:: Data for analysis
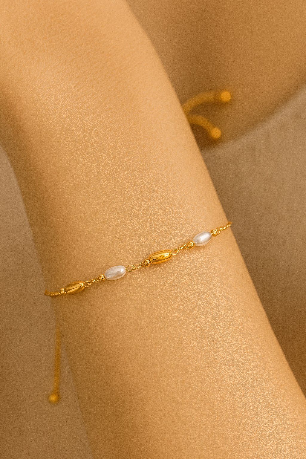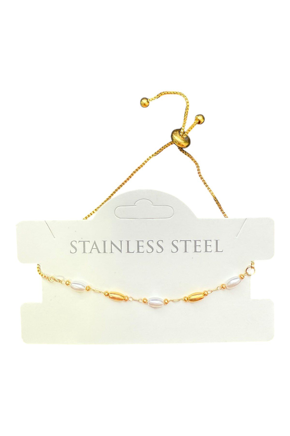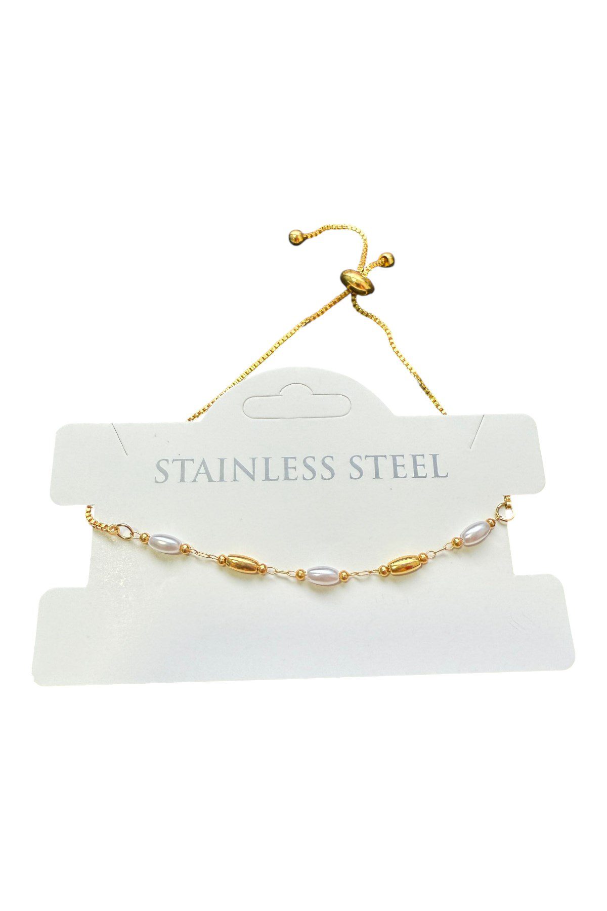 Toptan Altın Renk Silindir İnci Sarı Metal Asansör Çelik Bileklik – 3610
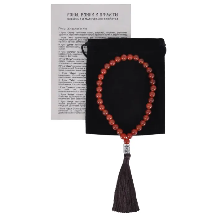 Рунические чётки ручной работы с бусинами из натурального сердолика и отдельной рунической бусиной.
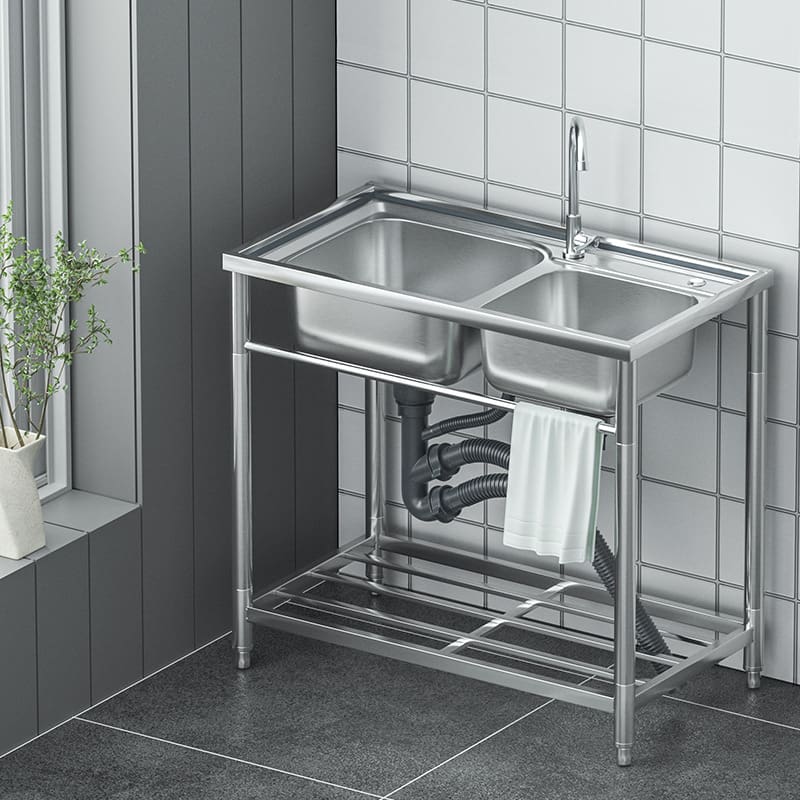 A947 bồn rửa inox đôi khe chậu rửa có giá cao cấp, tiện lợi cho nhà hàng CR-354
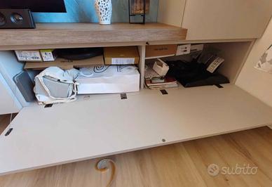 Vendo mobile soggiorno porta TV della Tomasella quindi prodotto di ottima qualità. Lunghezza totale 2900 altezza totale 2200. La colonna di destra ha un altezza di 1650 profondo 400. La panca è lunga 2340 con profondità 450 , i due pensili inferiori uno è lungo 1080 l'altro 1440 entrambi profondi 400.All'interno i pensili hanno i ripiani in vetro. Per maggiori informazioni 3299418039
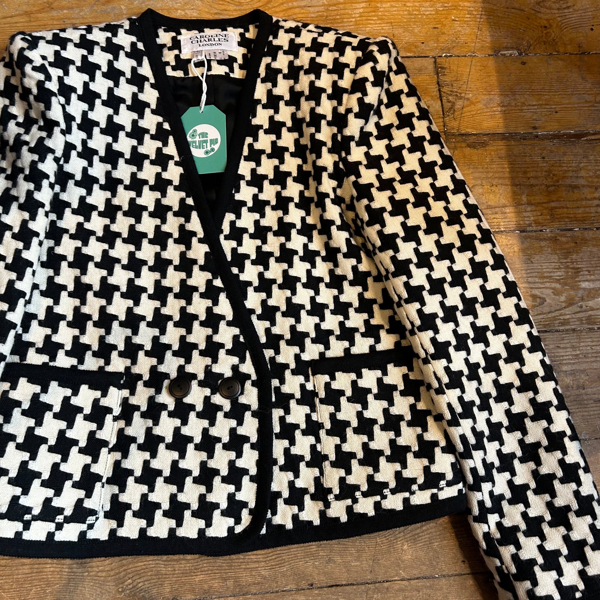 1980’s Caroline Charles Houndstooth Wool Blazer UK 10-12
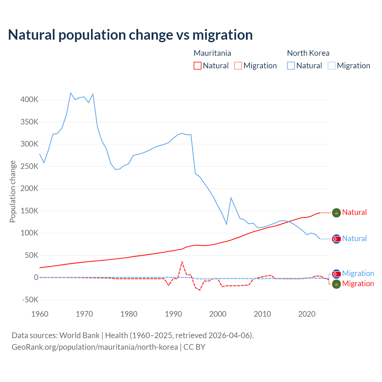 Over the last 10 years, 98.9% of the population change in Mauritania is from natural causes (a gain of 1,320,903 people) and 1.12% is from migration (a loss of 14,982 people). In North Korea 97.7% is from natural causes (a gain of 1,097,372 people) and 2.33% is from migration (a loss of 26,227 people).
::::
--- Aim of the task ---
Starting with the line that has "Vendo mobile soggiorno" and ending with the last line of the records, retype every line exactly and only those lines. Do not include the pictures.

--- Exercise result ---
 Vendo mobile soggiorno porta TV della Tomasella quindi prodotto di ottima qualità. Lunghezza totale 2900 altezza totale 2200. La colonna di destra ha un altezza di 1650 profondo 400. La panca è lunga 2340 con profondità 450 , i due pensili inferiori uno è lungo 1080 l'altro 1440 entrambi profondi 400.All'interno i pensili hanno i ripiani in vetro. Per maggiori informazioni 3299418039
 1980’s Caroline Charles Houndstooth Wool Blazer UK 10-12
 Over the last 10 years, 98.9% of the population change in Mauritania is from natural causes (a gain of 1,320,903 people) and 1.12% is from migration (a loss of 14,982 people). In North Korea 97.7% is from natural causes (a gain of 1,097,372 people) and 2.33% is from migration (a loss of 26,227 people).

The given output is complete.